I explored this approach to style transfer on three pairs of images:

* Content image of Main Library, style image of cubism
![alt text](main.jpg "Main Library")
![alt text](cubism.jpg "Main Library")
* Content image of me, style image of Van Gogh's self portait
![alt text](me.jpg "Me")
![alt text](vg.jpg "Van Gogh")
* Content image of me, style image of Naruto
![alt text](me.jpg "Me")
![alt text](naruto.jpg "Me")

I explored the hyperparameter space of content weight, style weight, pooling type, and learning rate, generating as many possible combinations of the parameters as time permitted. 

Time was unexpectedly the biggest challenge of this project. I knew the optimization would be long, but I didn't know that it would be 2-hours-per-image long, even after I resized the image! When I attempted to reduce the size of the image to a point where the process only took 5-10 minutes, the images were way too small to be able to discern much detail or style. A big learning experience of this project was simply learning how to queue up a lot of work (**and** constantly save results--I lost about a day's worth of work because my computer crashed before I could save the results of multiple style transfers) and leave my computer to itself for a day or two to grind through the style transfers. 

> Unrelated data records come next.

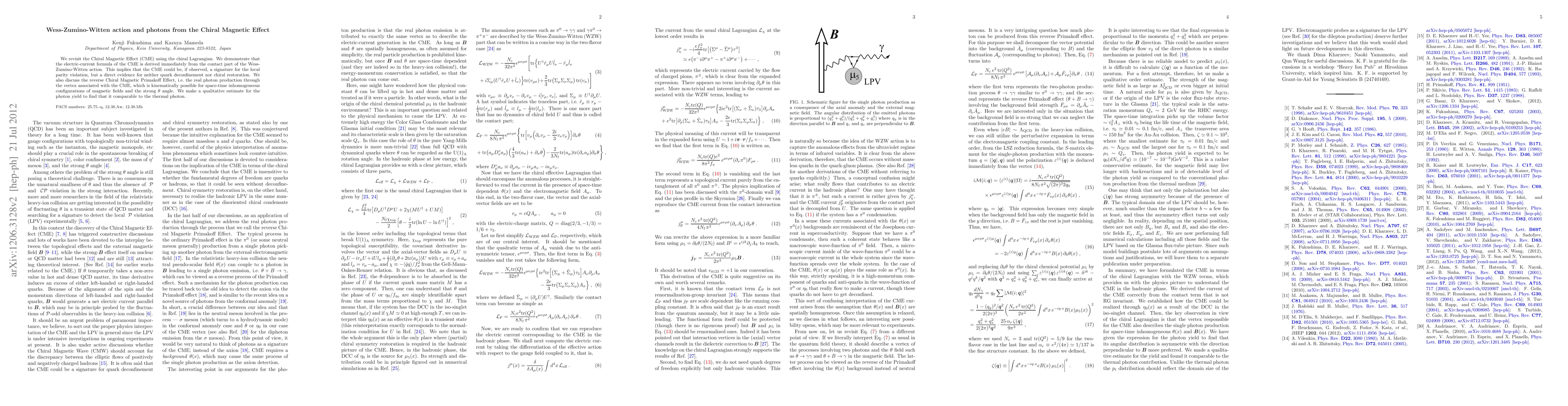 This paper explores the Chiral Magnetic Effect (CME) through the Wess-Zumino-Witten action, showing that it signifies local parity violation but not quark deconfinement or chiral restoration. It also investigates the reverse Primakoff effect, estimating photon production in inhomogeneous magnetic fields.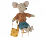 Die Mama Maus von Maileg gestaltet taff ihren Alltag und sorgt für ihre kleinen Mäusekinder. Sie trägt ein gestreiftes Shirt und einen legeren Rock mit Karo-Muster. Ihre niedliche Tasche im Käsescheiben-Look hat sie immer dabei. Schau, die Tasche hat sogar keine Käselöcher!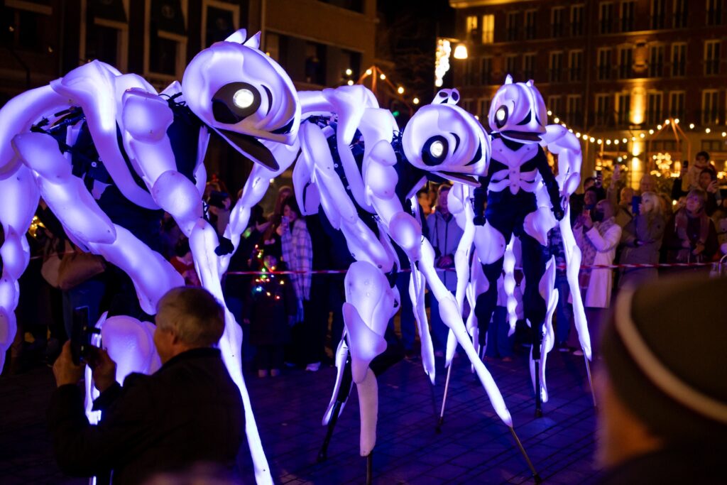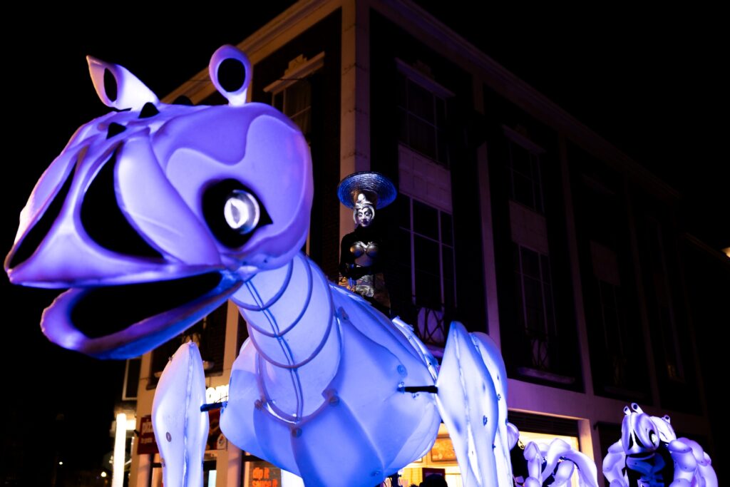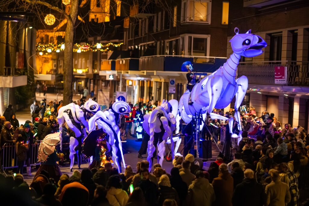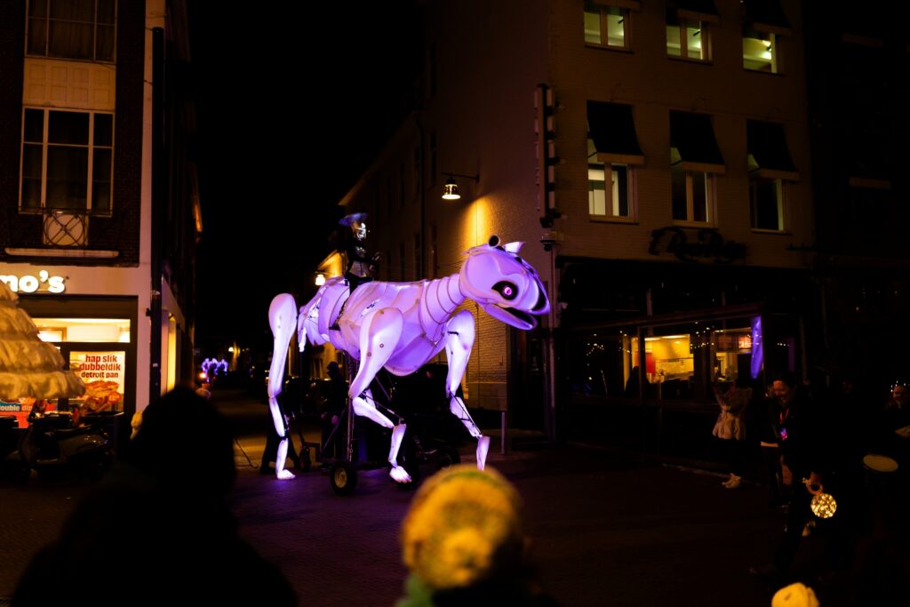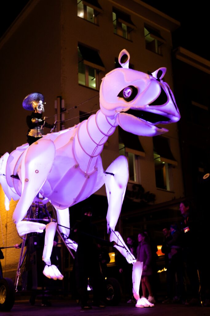 By night a fire player with hand flares can be added. The hand flares create a magical lighting effect for the spectacle.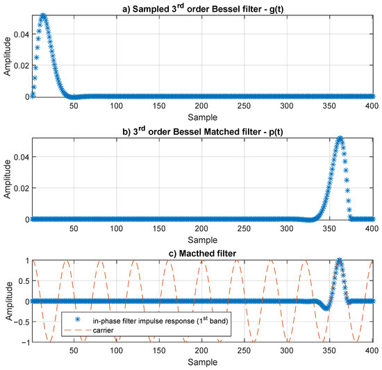 The generation of the matched filters considered the original analog filters’ impulse response. The impulse response of the analog filter, , was sampled at , and the obtained samples (Figure 9a) would directly be the coefficients of an FIR filter, which were time reversed. Moreover, in order to guarantee synchronism between the matched filter impulse response and the carrier, a negative delay was introduced: by doing this, the filter coefficients were shifted to the left side. The remaining coefficients, at the end, were set to zero (Figure 9b). Considering that is a third-order Bessel filter, the matched filter, , generation is shown in Figure 9, as well as the first band in-phase filter impulse response of the m-CAP modulator (Figure 9c).
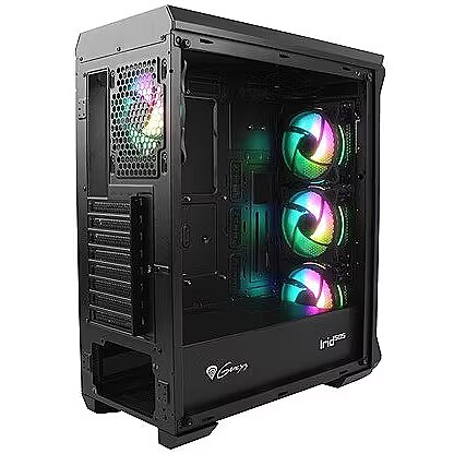 LongSummaryDescription - GENESIS Irid 505 ARGB. Form factor: Midi Tower, Type: PC, Product colour: Black, Transparent. Power supply location: Bottom. Front fans installed: 3x 120 mm, Front fans diameters supported: 120,140 mm, Rear fans installed: 1x 120 mm. Supported HDD sizes: 2.5,3.5". Width: 220 mm, Depth: 447 mm, Height: 510 mm
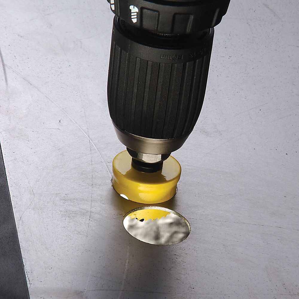 - Hole saw comes complete with arbor, pilot drill and ejector spring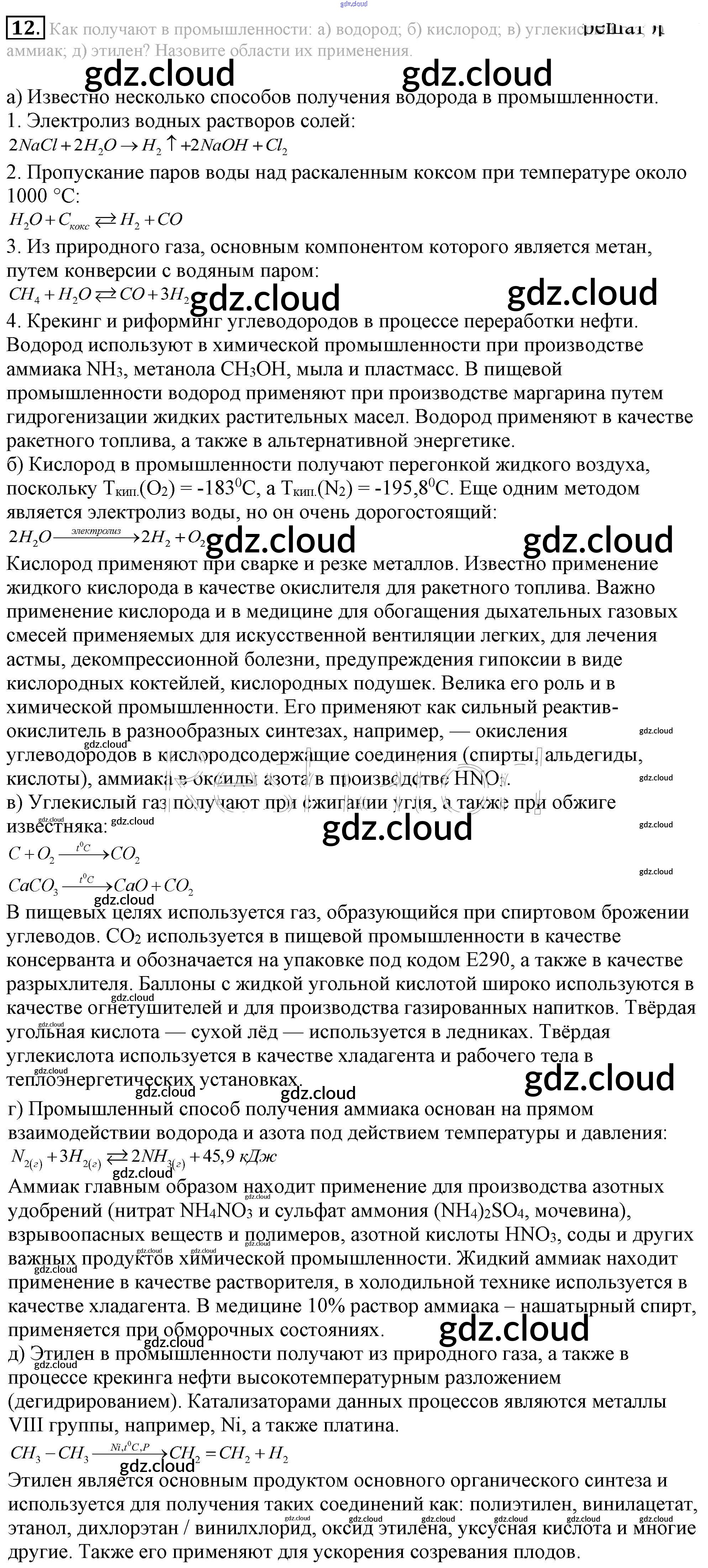 Ответ на задание 12 Учебник Химия за 11 (одиннадцатый) класс Габриелян Вертикаль Базовый уровень 2013 ФГОС онлайн и без номера телефона.

The following cell was used to experiment with 2 pooling types (max and average), 3 content weights ($1/2, 5, 50), and 3 style weights (50, 500, 5000) for a total of hyperparameter combinations:

In [None]:
content_path = 'me.jpg'
style_path = 'naruto.jpg'

content_image = read_img(content_path)
content_image = scipy.misc.imresize(content_image, 0.25)
style_image = read_img(style_path)
style_image = scipy.misc.imresize(style_image, 0.5)

vgg = VGG19()
vgg.load_data(vgg.VGG19_PATH)

content_layers = ('relu4_2', 'relu5_2')
style_layers = ('relu1_1', 'relu2_1', 'relu3_1', 'relu4_1', 'relu5_1')

pooling_type ='max'
epsilon = 1e-08
beta1 = 0.9
beta2 = 0.999
learning_rate = 1e1
iterations = 1000
content_weight = 5e0
style_weight=5e2
ct = 0
best_images = []
for pooling_type in ('max', 'avg'):
    for cw in (-1, 0, 1):
        content_weight = 5*10**cw
        for sw in (1,2,3):
            ct += 1
            style_weight = 5*10**sw
            
            print(ct, pooling_type, content_weight, style_weight)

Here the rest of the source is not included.